Calgary, AB,
17
August
2017
|
14:45
America/Denver

Calgary Police improve transparency on officer conduct investigations

The Calgary Police Service has made new information available to citizens on how concerns and complaints about officer conduct are handled.

New webpages explaining the process the Service follows when citizens report a concern have been added to calgarypolice.ca. Citizens can learn about the laws that govern police conduct and the process for investigating and ultimately dealing with citizen concerns.

Two new reports are also available on the webpages, an Annual Report providing statistical information on how many times citizens call with concerns or complaints, and a Formal Complaint Outcomes Report on how the Service or Professional Conduct Hearings addressed complaints that could not be resolved informally.

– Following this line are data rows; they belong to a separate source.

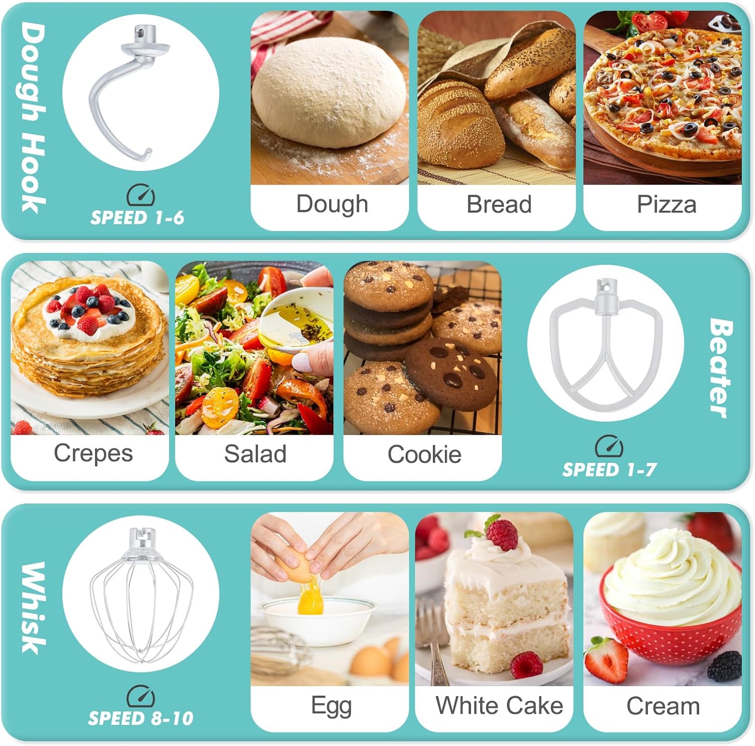 - 【Durable Attachments & Dishwasher Safe】As a versatile food mixer it includes coated aluminum dough hooks & beaters, plus a stainless steel whisk for lasting performance. All attachments snap on and off in seconds for quick changes during baking. The stainless steel bowl and all attachments are dishwasher safe (top rack recommended), ensuring quick and hassle-free cleanup.
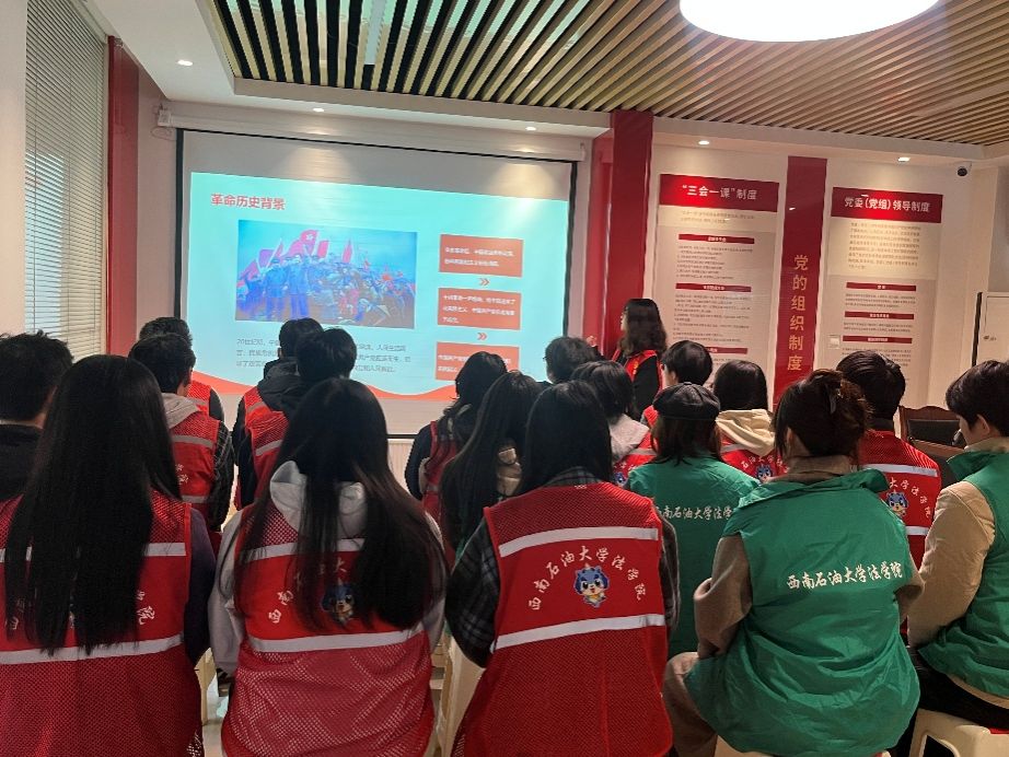 為引導社區黨員與群眾深入領會黨的奮斗歷程、優良傳統與核心精神,進一步提升黨性修養、筑牢信仰根基,2025年11月6日,法學本科2024級第2團支部、法律(法學非法學)碩士2024級團支部、法學碩士2024級團支部成員,走進西南石油大學社區,成功開展了一場以“黨史宣講進社區”為主題的教育實踐活動。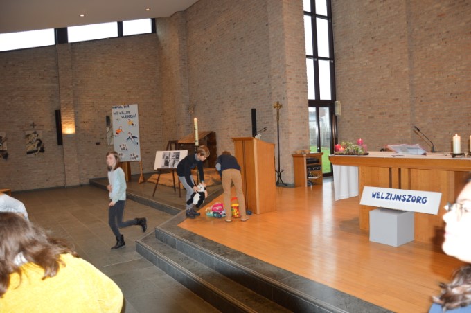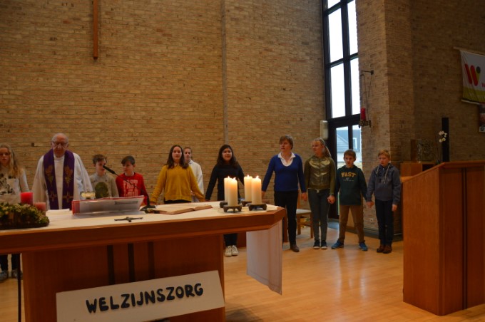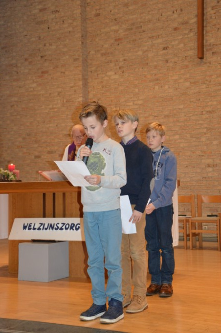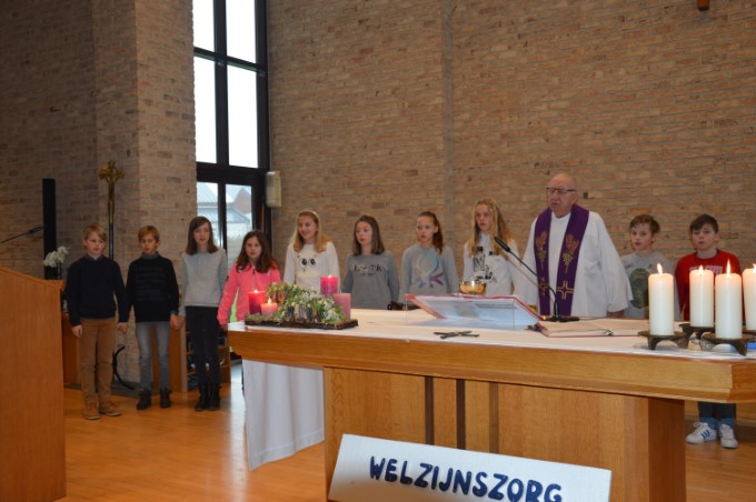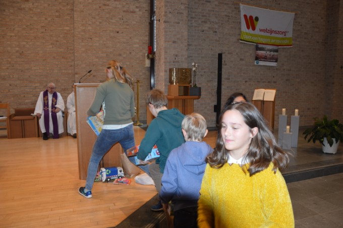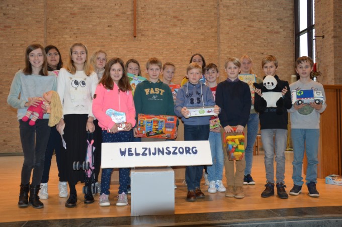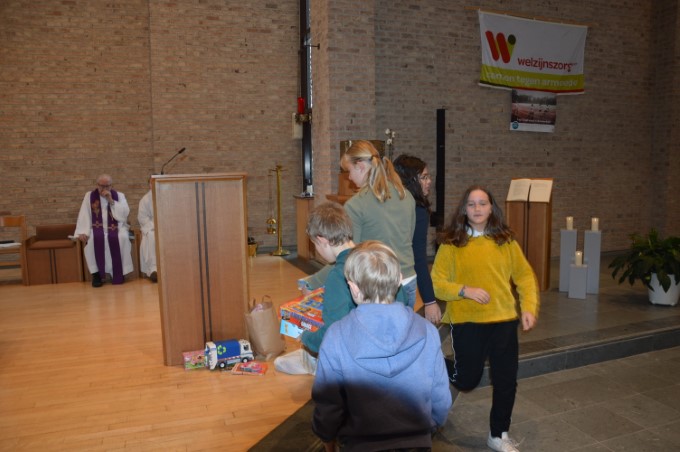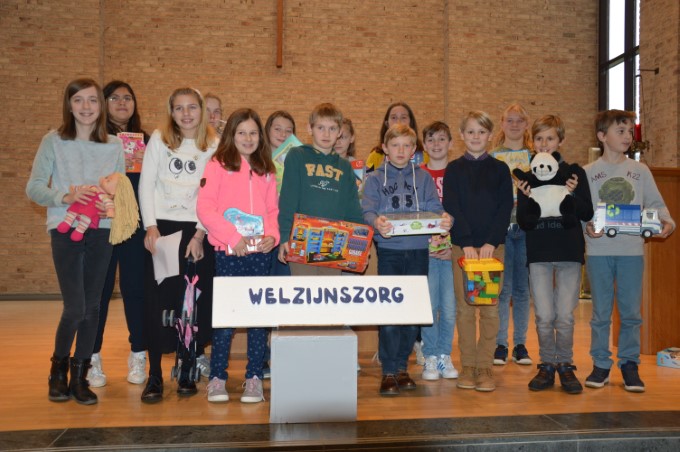 ST.-PIETER BEHARTIGT WELZIJNSZORG! Zoals elk jaar brachten de vormelingen tijdens de welzijnsviering op de derde adventszondag speelgoed aan, dat zij graag afstaan aan de verwaarloosde kinderen. Het wordt hen bezorgd door de VZW “De Helpende Handâ€. De adventsviering, mooi voorbereid door de vormselcatechisten, stond volledig in het teken van de campagne van Welzijnszorg “Samen tegen armoede†Het speelgoed, de collecte en de traditionele klereninzameling van de donderdag erna, vormen de concrete bijdrage van onze parochie, waarvoor van harte dank. St.-Pieter startpagina |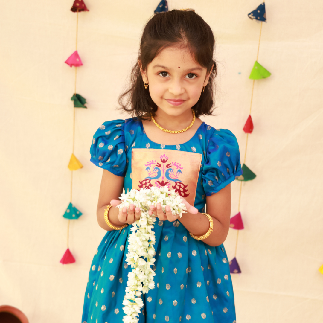 Chintamani Paithani Border Balloon Sleeves Frock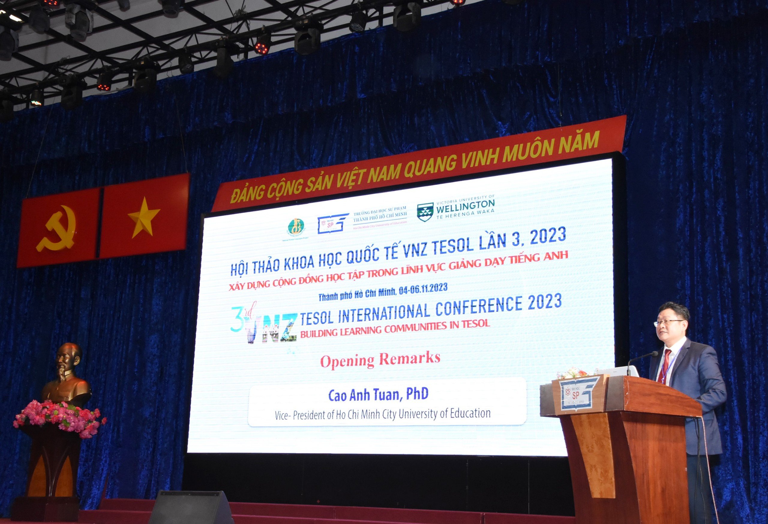 Từ ngày gày 04 - 05/11/2023, Hội thảo quốc tế VNZ TESOL lần 3 năm 2023 với chủ đề “Xây dựng cộng đồng học tập trong lĩnh vực giảng dạy tiếng Anh”, được phối hợp tổ chức giữa Trường Đại học Sư phạm Thành phố Hồ Chí Minh và Trường Đại học Victoria Wellington, New Zealand, đã diễn ra thành công tốt đẹp. Hội thảo đã ghi dấu ấn trong lĩnh vực giảng dạy tiếng Anh và cũng là cơ hội quý báu cho các nhà nghiên cứu và chuyên gia giáo dục trao đổi chuyên môn, học hỏi lẫn nhau và kết nối sâu rộng trong cộng đồng giảng dạy tiếng Anh (TESOL).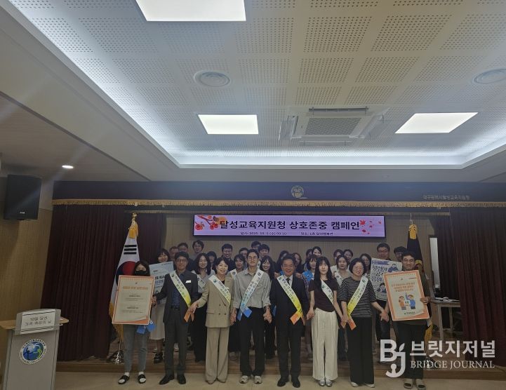 브릿지저널 김진석 기자 | 대구달성교육지원청은 10월 1일 달성교육지원청 전 직원을 대상으로 직장 내 상호존중 문화 확산과 갑질 예방을 위한 캠페인을 실시했다.
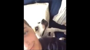 Doggy Nelly vill delta på en selfie umgås med sin chef. När du närmar dig mobila, Nelly poserar vid sättande profil.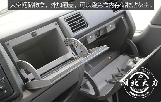副駕前面裝有兩個(gè)大空間儲存盒,它是駕駛室內(nèi)一個(gè)良好的輔助,可以用來存儲一些體積大一點(diǎn)的物品。所有的物品集中放置,可以保持整個(gè)駕駛室內(nèi)的干凈、整潔。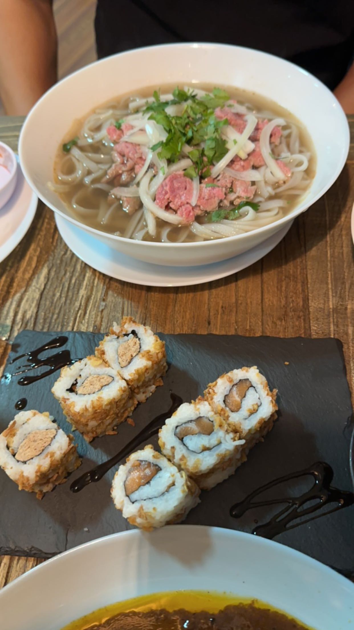 Nous sommes venus un samedi soir, assez tôt. Nous avons commandés des raviolis et nems poulet en entrée. Très très bon! En plat nous avons pris un Pho et la soupe Tom yum. C’était excellent. J’avais une appréhension sur le Pho mais finalement je ne regrette pas du tous. Nous reviendrons c’est sûr et certain. Le personnel est très gentil et accueillant. Allez y les yeux fermés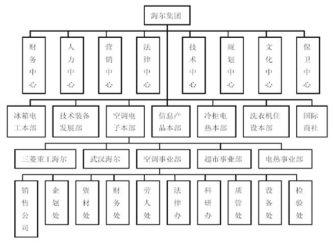 根據(jù)國(guó)際化的發(fā)展思路,海爾集團(tuán)對(duì)原來(lái)的事業(yè)本部制組織機(jī)構(gòu)進(jìn)行了戰(zhàn)略性調(diào)整,把原來(lái)分屬于每個(gè)事業(yè)部的財(cái)務(wù)、采購(gòu)、銷售業(yè)務(wù)全部分離出來(lái),整合成獨(dú)立經(jīng)營(yíng)的商流推進(jìn)本部、物流推進(jìn)本部、資金流推進(jìn)本部,實(shí)行全集團(tuán)范圍內(nèi)統(tǒng)一營(yíng)銷、統(tǒng)一采購(gòu)、統(tǒng)一結(jié)算;把原來(lái)的職能管理資源如人力資源開(kāi)發(fā)、技術(shù)質(zhì)量管理、信息管理、設(shè)備管理、法律、保衛(wèi)等進(jìn)行整合,把上述職能部門從各個(gè)事業(yè)本部分離出來(lái),以集團(tuán)的職能中心為主體,注冊(cè)成立獨(dú)立經(jīng)營(yíng)的服務(wù)公司;最后,把這些專業(yè)化的“事業(yè)體”通過(guò)“市場(chǎng)鏈”連接起來(lái),設(shè)計(jì)索酬、索賠、跳閘標(biāo)準(zhǔn)。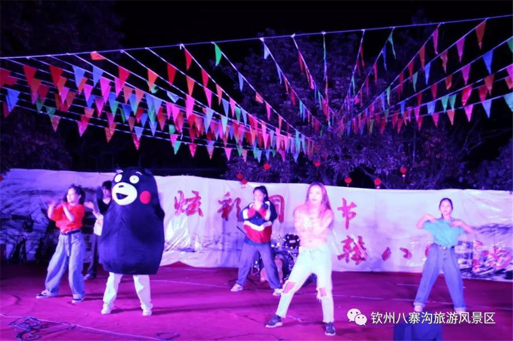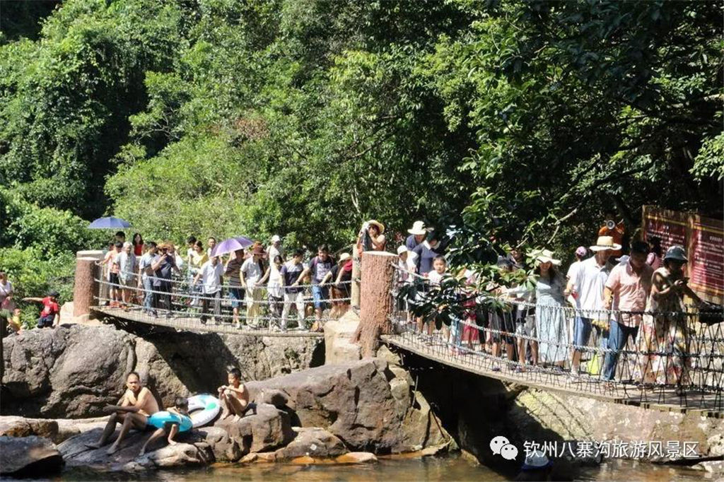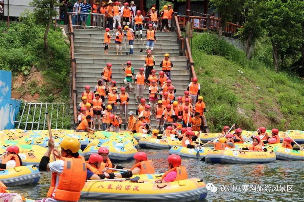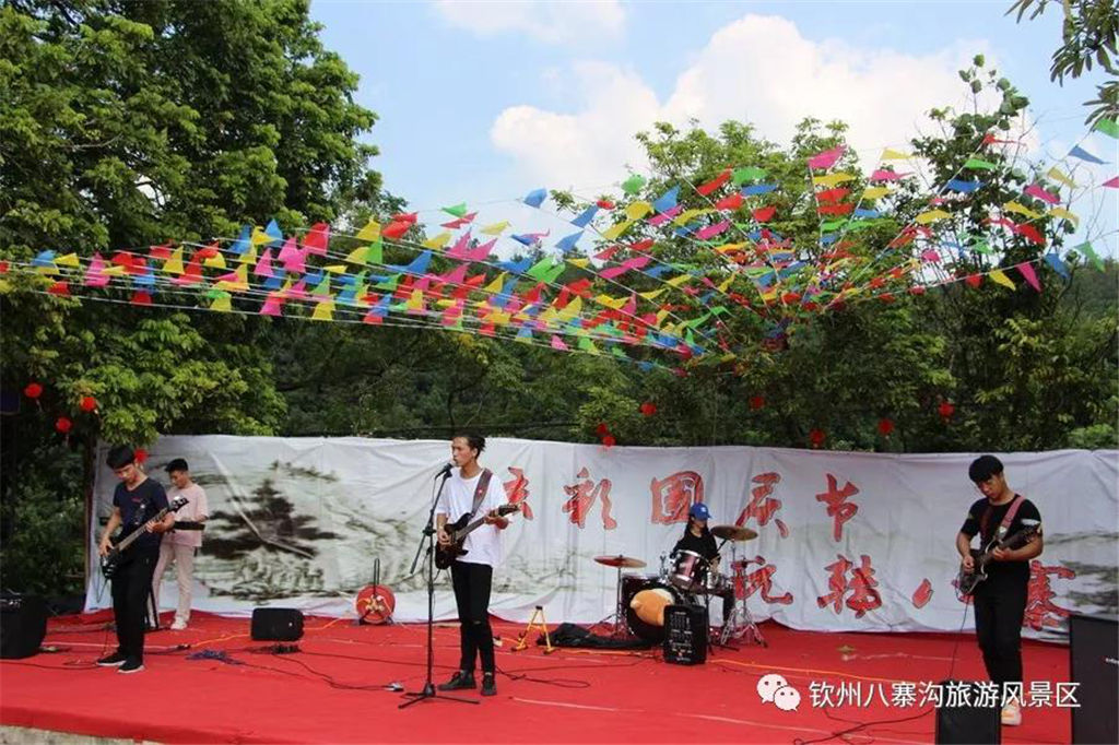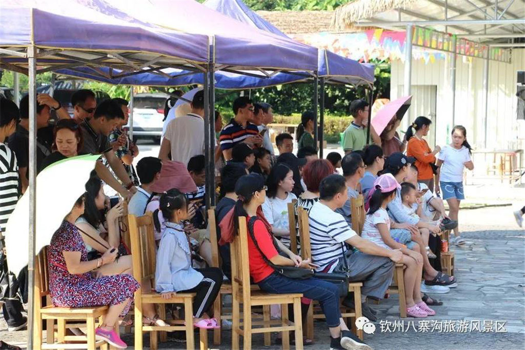 國慶期間景區(qū)舉辦以“炫彩國慶節(jié),玩轉(zhuǎn)八寨溝”為主題的系列活動受到眾多游客親睞。游客們白天可以觀看精彩歌舞文藝演出,玩真人CS運(yùn)動,品嘗各種各樣的特產(chǎn)美食,學(xué)制作欽州坭興陶,體驗欽州第一漂—八寨溝森林漂流,登山徒步暢游山水,呼吸新鮮空氣,天然水潭戲水其樂無窮,整個景區(qū)一片游客如織、喜樂融融的景象。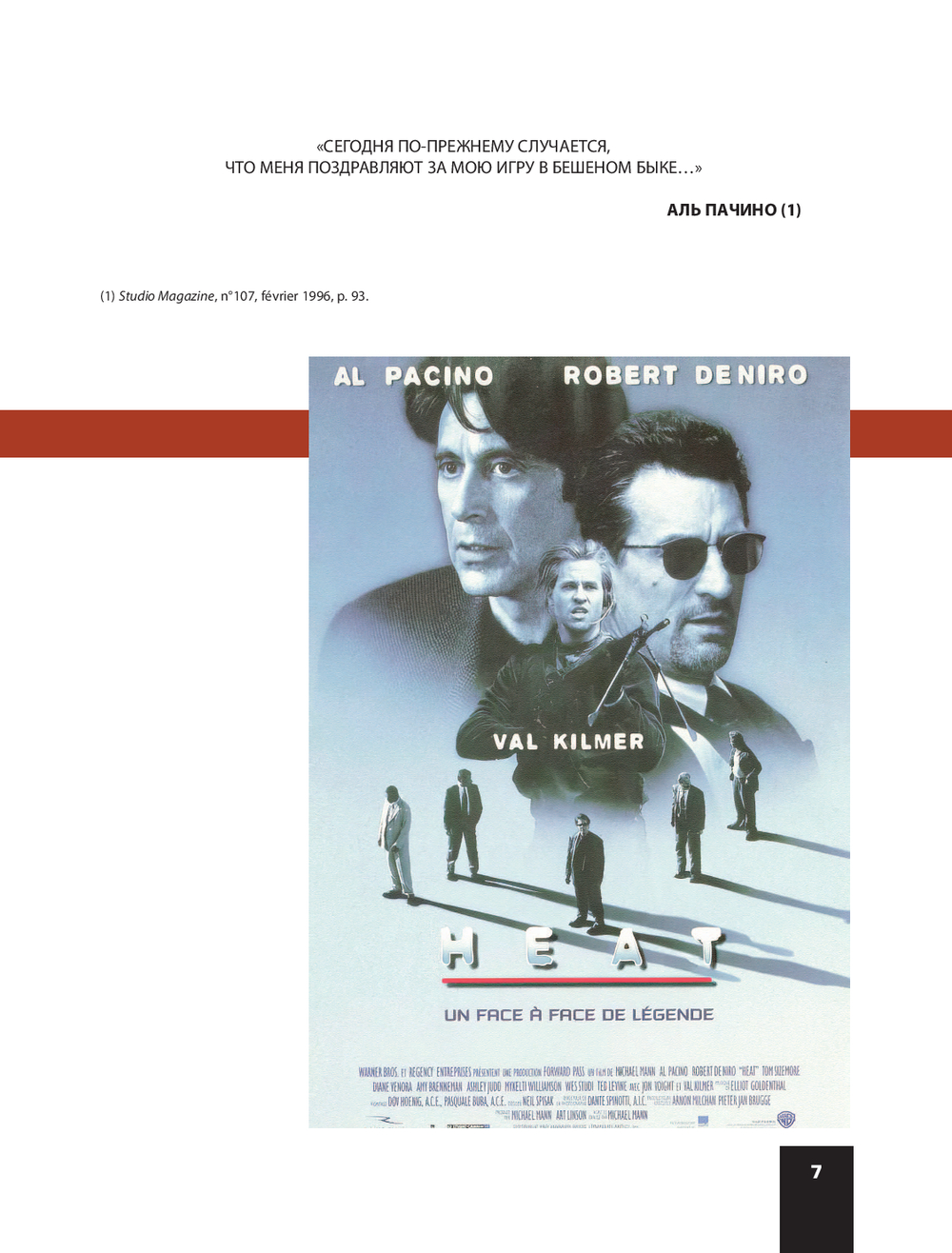 Будь то мафиози или полицейские, они – жертвы городской отчуждённости, насилия и коррупции. Их персонажи колеблются между одиночеством и выживанием, крепкой дружбой и невыполнимыми задачами. Герои Де Ниро и Пачино стали отражением окончания двадцатого столетия.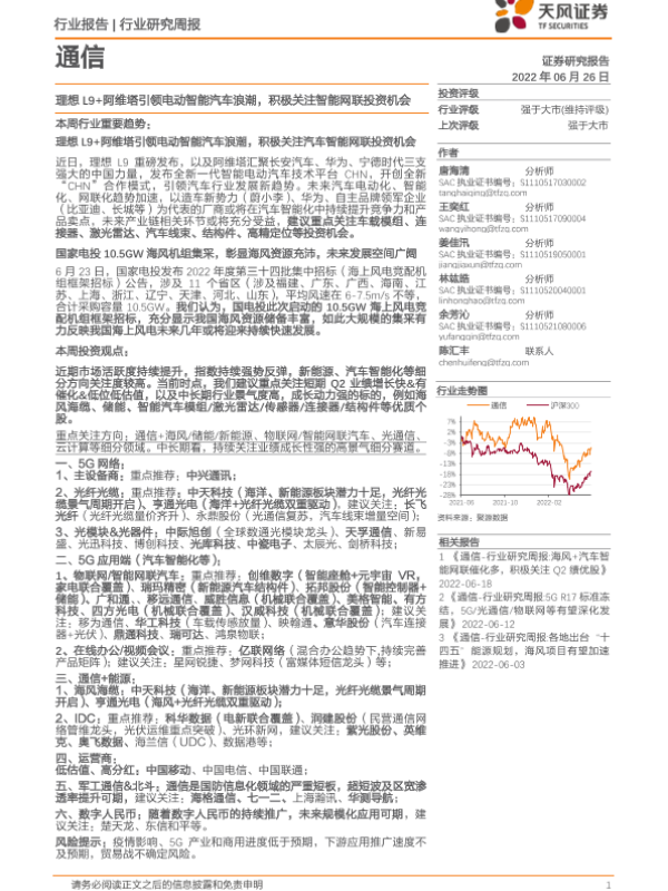 【天风证券】【20220626】通信行业研究周报:理想L9+阿维塔引领电动智能汽车浪潮,积极关注智能网联投资机会-12页 行业研究

While the officers involved in the files are not identified, citizens can read a high-level summary of the situation that led to the complaint, what misconduct is alleged, whether the file went to a hearing or was decided by the Chief Constable, and what corrective action was taken in each case.

The goal of this document and the statistical annual report published with it is to provide the public with greater transparency regarding the police complaint process and outcomes.

“We are committed to handling any concerns about an officer’s conduct or the service we provide in a fair, open and transparent way,” says Murray Stooke, Manager of the Ethics & Accountability Division.

In 2016, the Calgary Police Service was dispatched to 274,312 calls. Citizens reported a concern to the Professional Standards Section 1,376 times, which included 282 formal citizen complaints. This is an increase of 38 more formal complaints than received in 2015 and is higher than the five year average of 191 per year.

Around 92 per cent of these concerns and complaints were successfully resolved informally, through an explanation of police procedures, an informal conversation between involved parties, or the officer’s supervisor addressing the concern.

Only 79 matters could not be resolved informally, resulting in a formal investigation, down from a five-year high of 95 in 2014. Only five matters investigated in 2016 required a Professional Conduct Hearing.

The Service also received, on average, 12 compliments every week that commended officers for going above and beyond in their duties.

As part of an ongoing commitment to transparency and openness, the Service recently supported the recommendations made by the Alberta Association of Chiefs of Police (AACP) to ask the province begin a process to modernize the public complaint process.

The AACP has recommended broad-based public consultations on a variety of issues, including the viability and desirability of a fully-independent civilian body to investigate complaints about officer conduct. Additionally, the association suggested the process for investigating concerns and complaints needs to be shortened and streamlined, and that the Presiding Officers in charge of Professional Conduct Hearings should be appointed by the province instead of the Chief of Police.